What Anthropology Professor Faith Nibbs, director of SMU’s Forced Migration Innovation Project, says about the immigration issue:
""It is a humanitarian crisis because of the reasons that they're fleeing and because there's such large numbers and because it becomes a convoluted mix of people who pick up on that trail along the way. It also becomes a border security crisis. It's a matter of letting the system play out that will separate the two."
About Faith Nibbs
Faith Nibbs is the Director of the new Forced Migration Innovation Project housed in the Department of Anthropology that will be researching the role of innovation, career laddering, and the private sector in securing sustainable livelihoods in forced migration. The project has both practical and academic aims. On a practical level, it will serve as a knowledge platform that can inform the work of resettlement agencies by compiling and assessing actual and potential livelihood solutions. On an academic level, it aims to develop a conceptual understanding of the changing relationship between state-led resettlement programs, markets and public perception in refugee job placement.
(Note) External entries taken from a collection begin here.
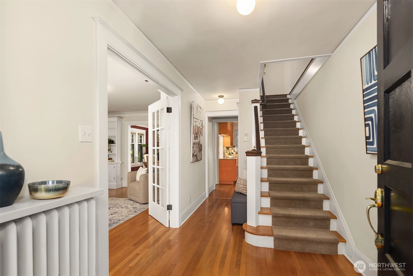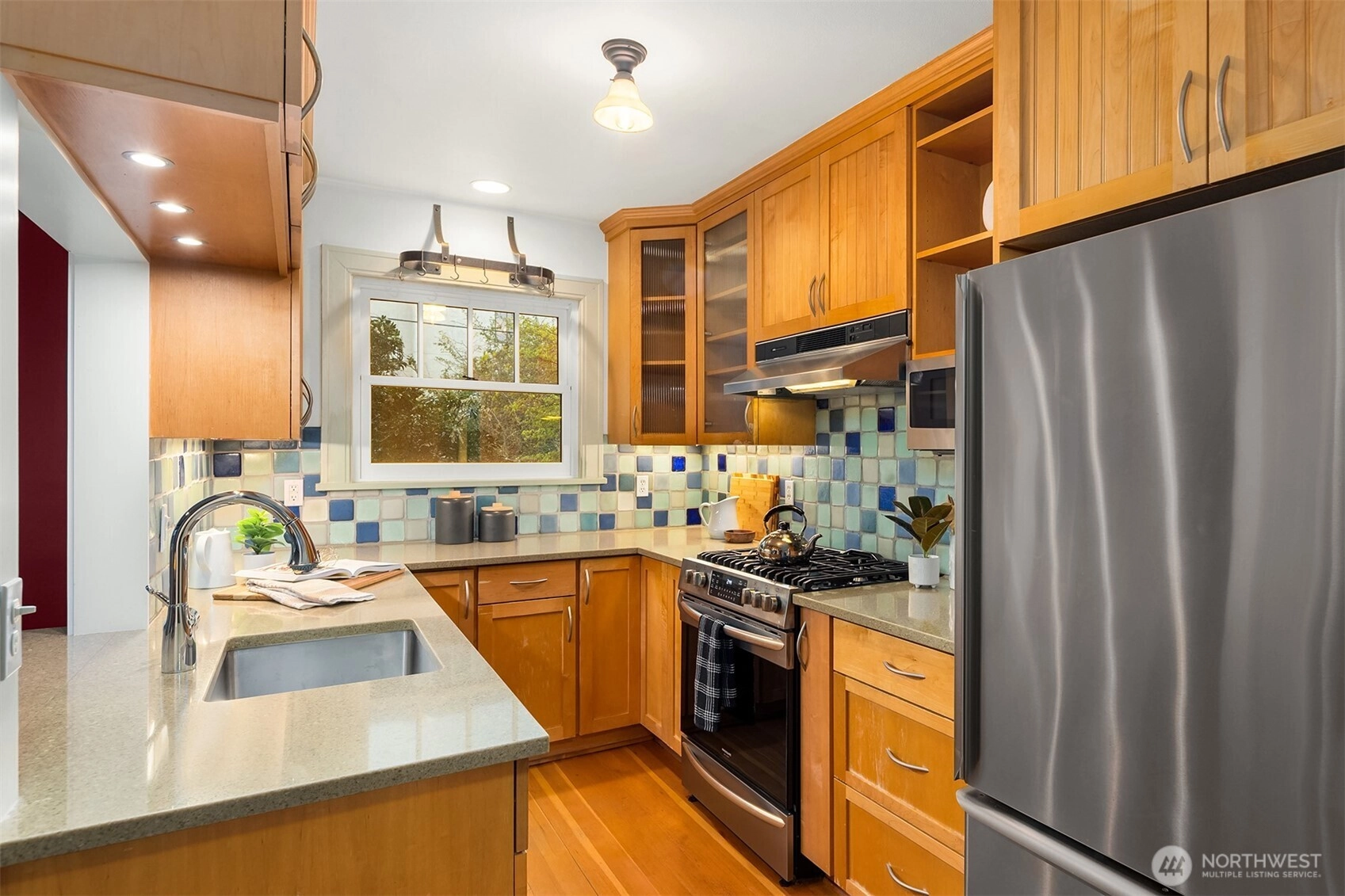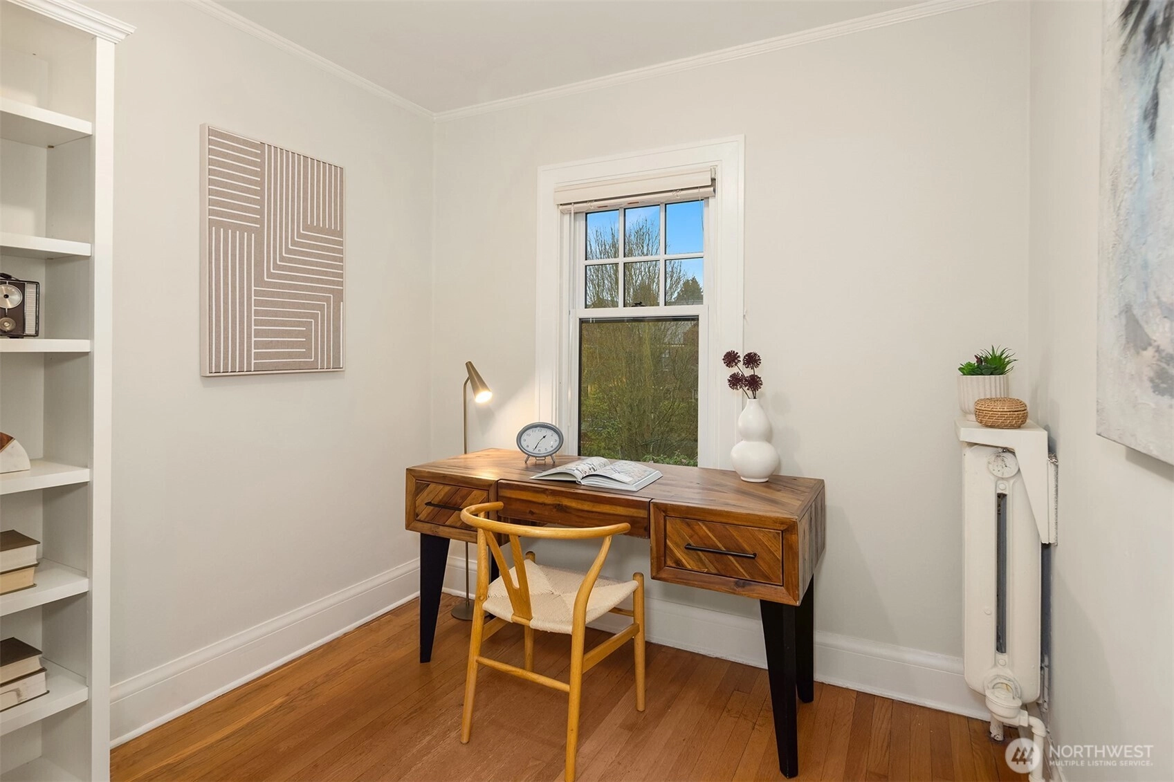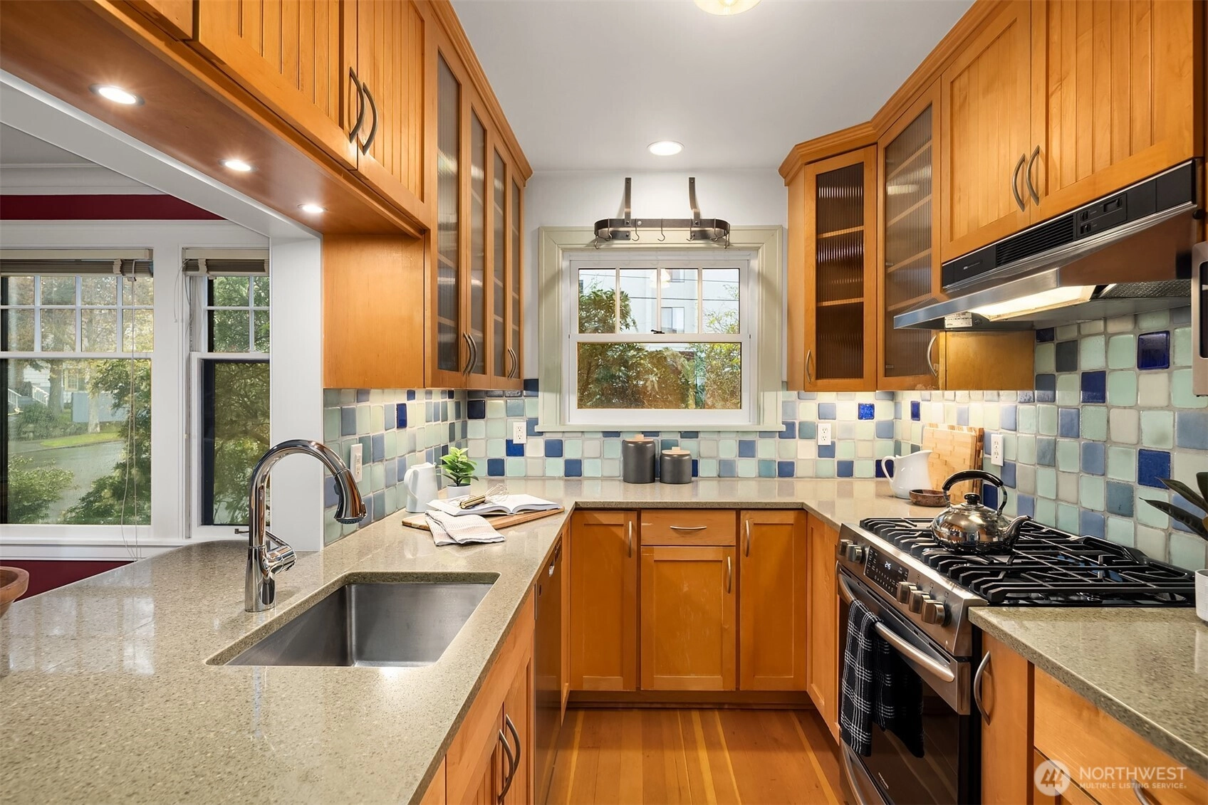 Located in the highly sought-after Hawthorne Square community. Built in the 1920’s, this Lawton & Moldenhour style design is home to 25 residences, designed on a full City block, around the beautiful interior, garden courtyard and drive. This end-unit, townhome style condominium features period details of hardwood & tile floors, divided light windows, crown molding and built-in cabinetry. This well-maintained home features a remodeled kitchen and baths, in-unit laundry, updated plumbing and good natural light. Dedicated garage and off-street parking. Well run, self-managed community. Walk Score of 77 – close to the upper Fremont and Phinney Ridge business districts, Wallingford, Woodland Park Zoo, Lower Woodland and easy transit and highway access.
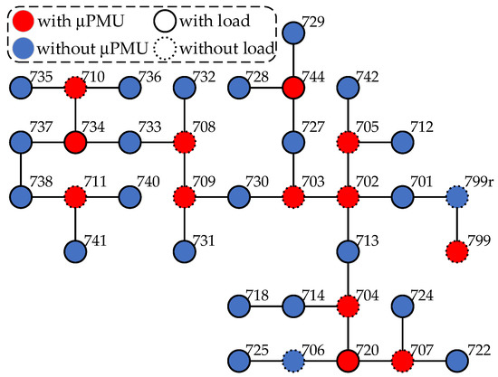 The IEEE 37 bus system, as shown in Figure 6, is utilized here for both simulation and experimental tests to validate the proposed method. Based on the definition of the key bus in Section 2.1, measurements are obtained from μPMUs installed at buses 702, 703, 704, 705, 707, 708, 709, 710, 711, 720, 734, 744, 799.
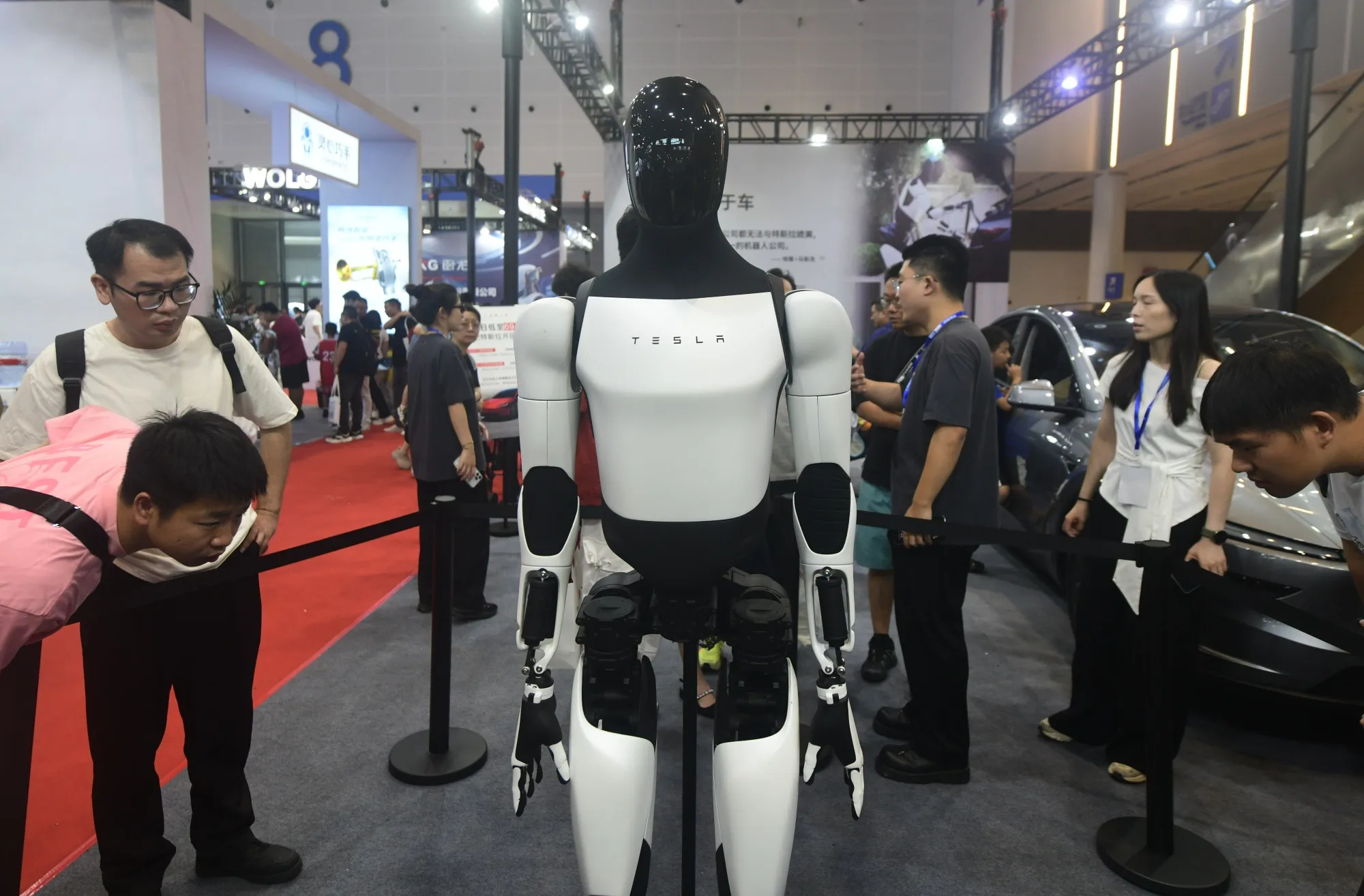 特斯拉Optimus機器人亮相中國杭州。攝影師:NurPhoto 快問快答(禁止作弊!)。 哪位共產主義時代的獨裁者形象正在被重塑,將其描繪成勝利領袖而非數百萬公民死亡的負責人? 答案請發送至**[email protected]
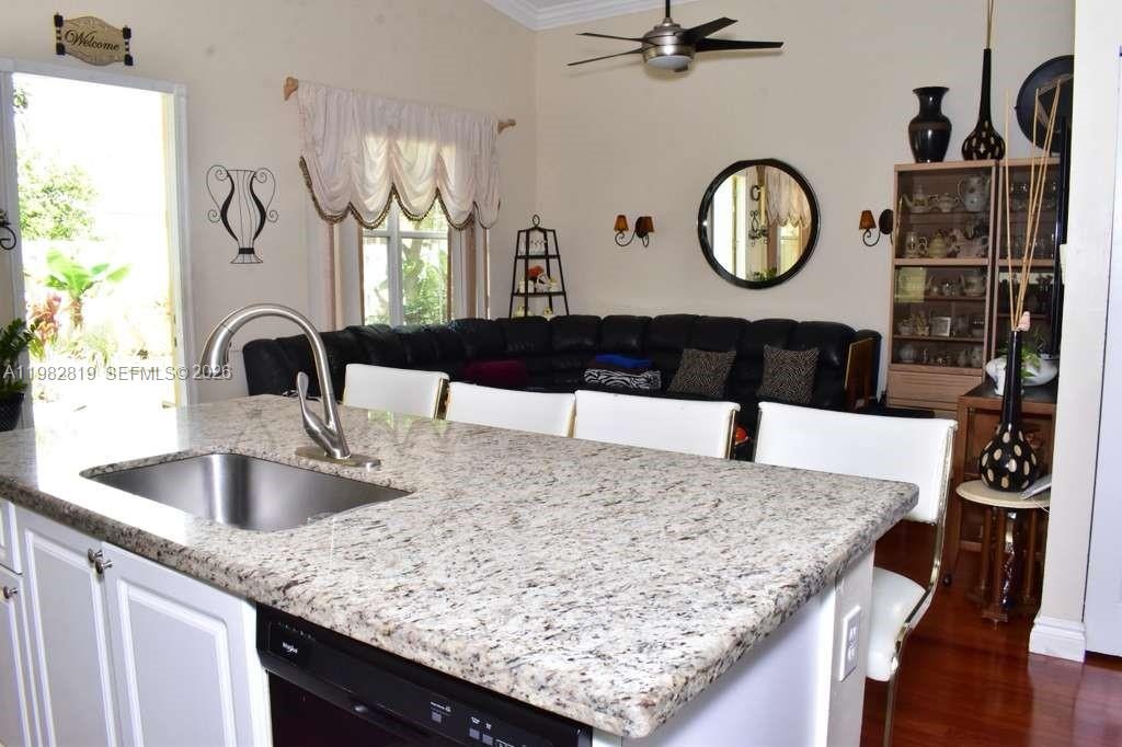 Upgraded kitchen cabinets and countertops! Luscious fruit trees - eat right off the land! Fertile trees - Mango, Avocado, Naseberry, Bananas and even an Ackee Tree. Wooden flooring throughout. Landry Room under air. Lots of closet space for storage. Well-kept home in a well-kept neighborhood. Light ceramic tiles and recently installed laminate in the living room. Fully functional 2-car garage. Close distance to shopping, schools, and I75 expressway.
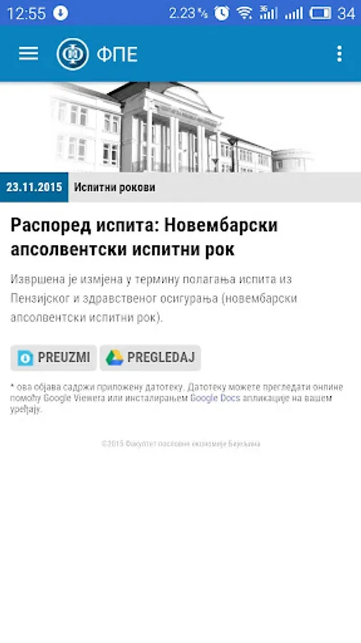 The application allows students of the Faculty of Business Economy Bijeljina, to easily monitor all information published on the website of FPE.
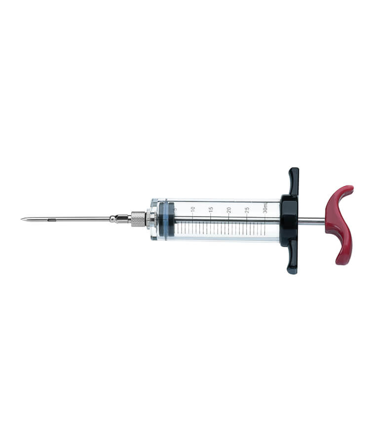 Seringa pentru sos, capacitate 30 ml; corp din material acrilic si ABS; acul si pistonul sunt fabricate din inox; lungime totala 216 mm.
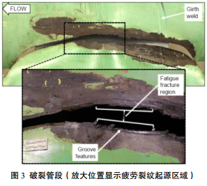 在NTSB材料實(shí)驗室,清洗破裂管段后進(jìn)行可視化檢查。冶金專(zhuān)家發(fā)現破裂表面(140 mm長(cháng)區域)沿長(cháng)度方向的中部、棘輪標志、止裂線(xiàn)和其他特征表明初始在管壁外部的溝槽位置發(fā)生了疲勞裂紋開(kāi)裂。疲勞的起源區域位于管道的頂部,距離縱焊縫165 mm,在開(kāi)裂終點(diǎn)的上游位置存在密集的溝槽(圖 3)。
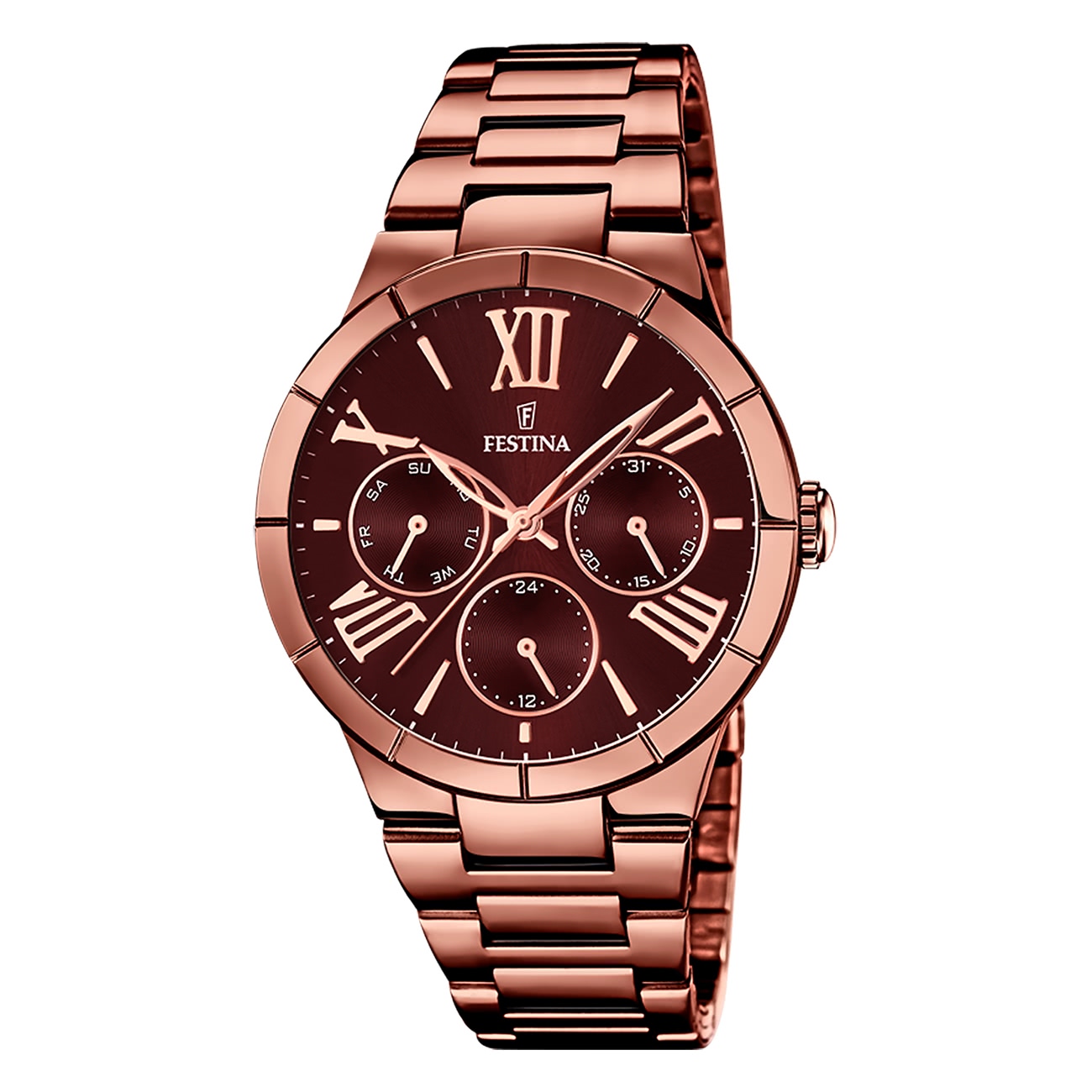 Das Gehäuse besteht aus Edelstahl und PVD Bronze.
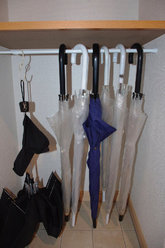 傘立てを置く代わりに、玄関収納庫につっぱり棒
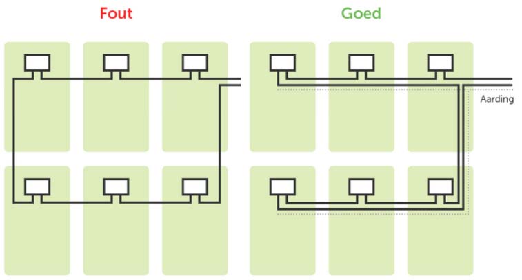 Voorkom inductielussen met een correct legplan Bron: ISSO Handboek Zonne-energie, versie 2016.
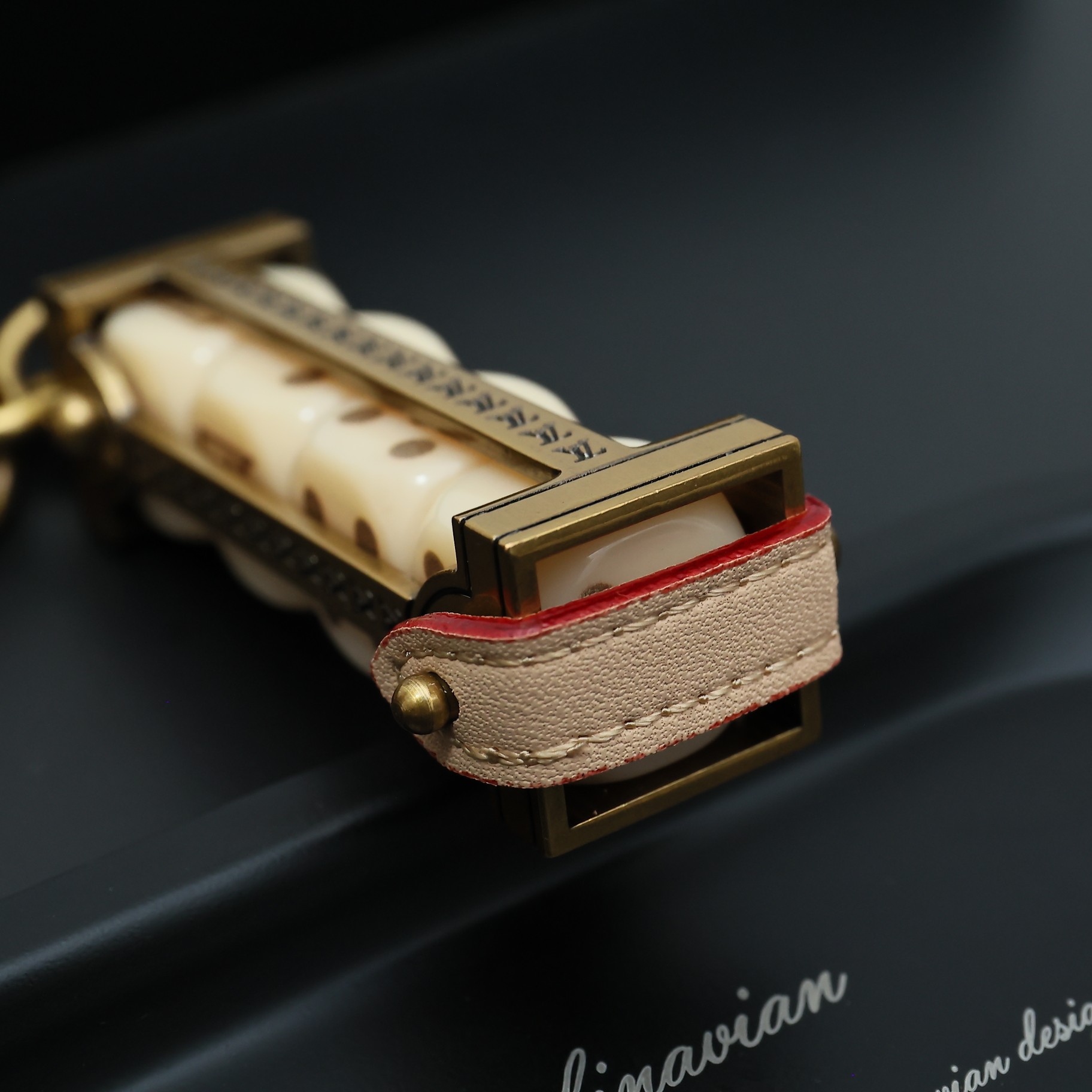 With its four of removable dice, the LV Lovers Dice bag charm and key holder is always ready for a spur-of-the-moment game of chance. This functional and decorative accessory is crafted from gold-color metal with aged finishing, finished with a natural-cowhide strap and the new LV Lovers charm. The snap hook and ring feature fine signature engraving.

The goal of this project is to contribute directly to practice developing methodologies to identify alternative and sustainable livelihood practices that can be duplicated in other contexts and other western countries of resettlement.
Nibbs has over a decade of experience in researching and publishing on refugee resettlement and social cohesion in the US and Europe. Besides teaching at SMU, UTA, and TCU, she has worked collaboratively across disciplines on refugee-related research projects, notably with UT Southwestern's Department of Urology, Oxford University's Department of Forced Migration, and the University of Wisconsin's Department of History. She has sat on the board of refugee resettlement organizations and spoken in the US, Europe, and China on issues of integration to broad audiences of academic and non-academics interested in refugee social and economic inclusion. Her research focuses on the anthropological understanding of diasporic refugee communities and how long-term transnational involvement and incorporation into local host societies co-exist.